Proposal: Database Engine for D (page 3) - D Programming Language Discussion Forum

Forums

New users
- Learn
Community
- General
- Announce
Improvements
- DIP Ideas
- DIP Devel.
Ecosystem
- GDC
- LDC
- Debuggers
- IDEs
- DWT
Development
- Internals
- Issues
- Beta
- DMD
- Phobos
- Druntime
- Study
Turkish
- Genel
- Duyuru

Index » General » Proposal: Database Engine for D (page 3)

January 02, 2016

Re: Proposal: Database Engine for D

Posted by Jacob Carlborg
in reply to Ola Fosheim Grøstad

Jacob Carlborg

Posted in reply to Ola Fosheim Grøstad

On 2016-01-02 13:55, Ola Fosheim Grøstad wrote:

> They have probably never done professional work with an ORM...
>
> Nobody wants that.

Exactly, but tell them ;)

-- 
/Jacob Carlborg

January 02, 2016

Re: Proposal: Database Engine for D

Posted by Jacob Carlborg
in reply to Sebastiaan Koppe

Jacob Carlborg

Posted in reply to Sebastiaan Koppe

On 2016-01-02 19:37, Sebastiaan Koppe wrote:

> Well, you can also generate the structs and specific serialization code.
> And depending on how advanced your dsl you can also auto generate
> database migration code. There are propably tons of other stuff you can
> do with it.
>
> All in all much better than extending the language.
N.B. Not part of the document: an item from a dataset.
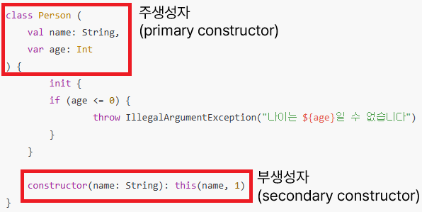 - 코틀린에서는 constructor 키워드를 사용해 부생성자를 추가로 만들 수 있다.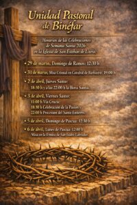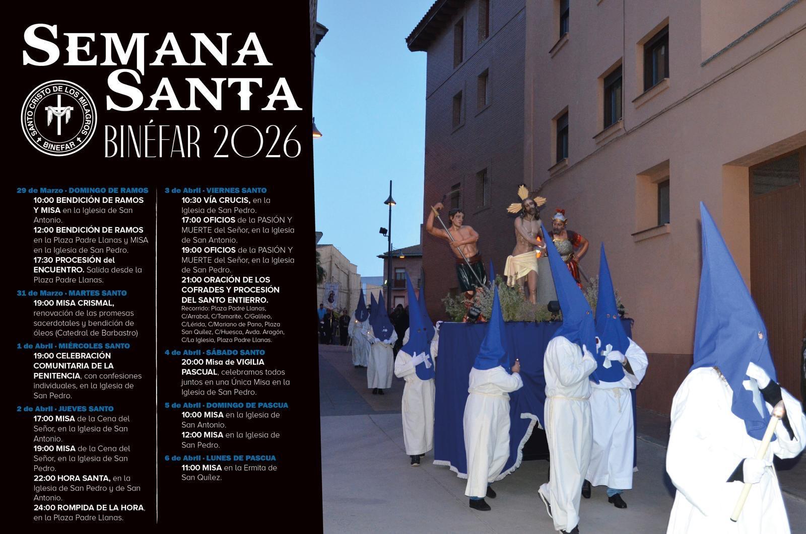 Los cofrades y fieles de Binéfar se preparan a vivir las procesiones y actos litúrgicos de la Semana Santa, que comenzarán el domingo 22 con la bendición de Ramos y la Procesión del Encuentro -que se recuperó hace quince años- y finalizarán con la celebración, en la Sierra de San Quílez, el Lunes de Pascua.

I would rather to the opposite. Generate the necessary SQL for a migration based on a struct, not the other way around.

-- 
/Jacob Carlborg

January 02, 2016

Re: Proposal: Database Engine for D

Posted by Ola Fosheim Grøstad
in reply to Jacob Carlborg

Ola Fosheim Grøstad

Posted in reply to Jacob Carlborg

On Saturday, 2 January 2016 at 19:46:48 UTC, Jacob Carlborg wrote:
> On 2016-01-02 13:55, Ola Fosheim Grøstad wrote:
>
>> They have probably never done professional work with an ORM...
>>
>> Nobody wants that.
>
> Exactly, but tell them ;)

I did:

http://forum.dlang.org/post/mfdjcgykaizbzuuhoupv@forum.dlang.org

But Walter thinks that enforcing object-value comparisons in a rather limited way is a feature. It is a feature... but it is the wrong kind of feature... ;) It is an oversimplified and ineffective solution.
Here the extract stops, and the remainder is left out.